------ Supplied material ------
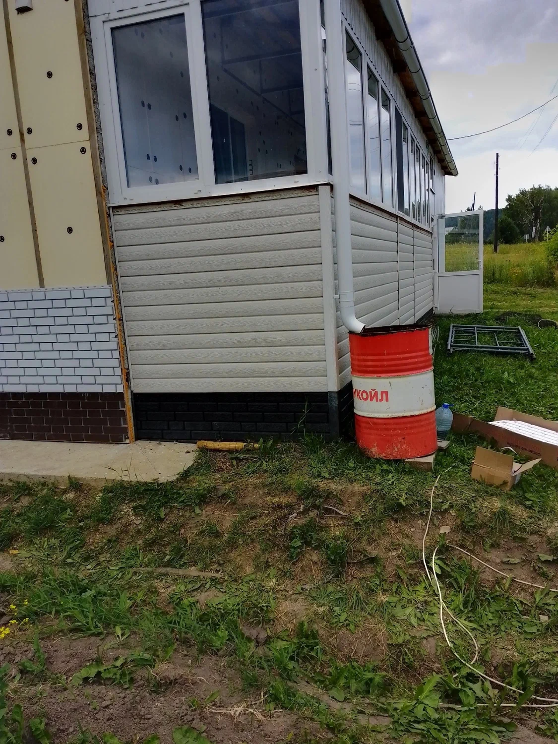 На реконструкции дома произвели отделку фасадными панелями. Пристрой, по желанию заказчика, обшили виниловым сайдингом в бежевом цвете
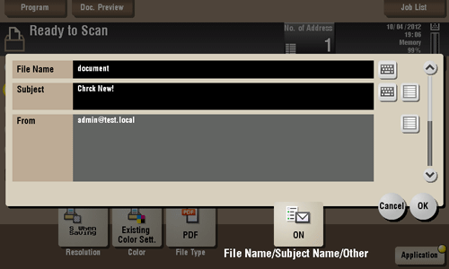 When sending by E-mail, you can specify the subject and message text of an E-mail and change the sender E-mail address ("From" address).
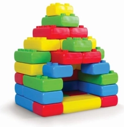 Sada 33 velkých dílů ve třech tvarech umožní dětem budovat domky, věže i stěny. Lehké a snadno spojitelné kostky podporují fantazii a samostatnou hru.
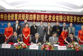 本次簽約儀式由南岸區人民政府副區長唐昕主持,共青團中央國際項目合作中心、重慶市農業綜合開發辦公室、市農工委、市農業局、共青團重慶市委等單位的相關領導,以及中共南岸區委、區人大、區政府、區政協主要領導及相關部門領導,洋世達集團公司全體領導參加儀式,共同見證了一個由中日合資組建的現代化農業企業的誕生。
------
Action item:
Excluding the pictures, retype the line containing "Sada 33 velkých" and all lines after it down to the end of the data above.

Result of this task:
 Sada 33 velkých dílů ve třech tvarech umožní dětem budovat domky, věže i stěny. Lehké a snadno spojitelné kostky podporují fantazii a samostatnou hru.
 本次簽約儀式由南岸區人民政府副區長唐昕主持,共青團中央國際項目合作中心、重慶市農業綜合開發辦公室、市農工委、市農業局、共青團重慶市委等單位的相關領導,以及中共南岸區委、區人大、區政府、區政協主要領導及相關部門領導,洋世達集團公司全體領導參加儀式,共同見證了一個由中日合資組建的現代化農業企業的誕生。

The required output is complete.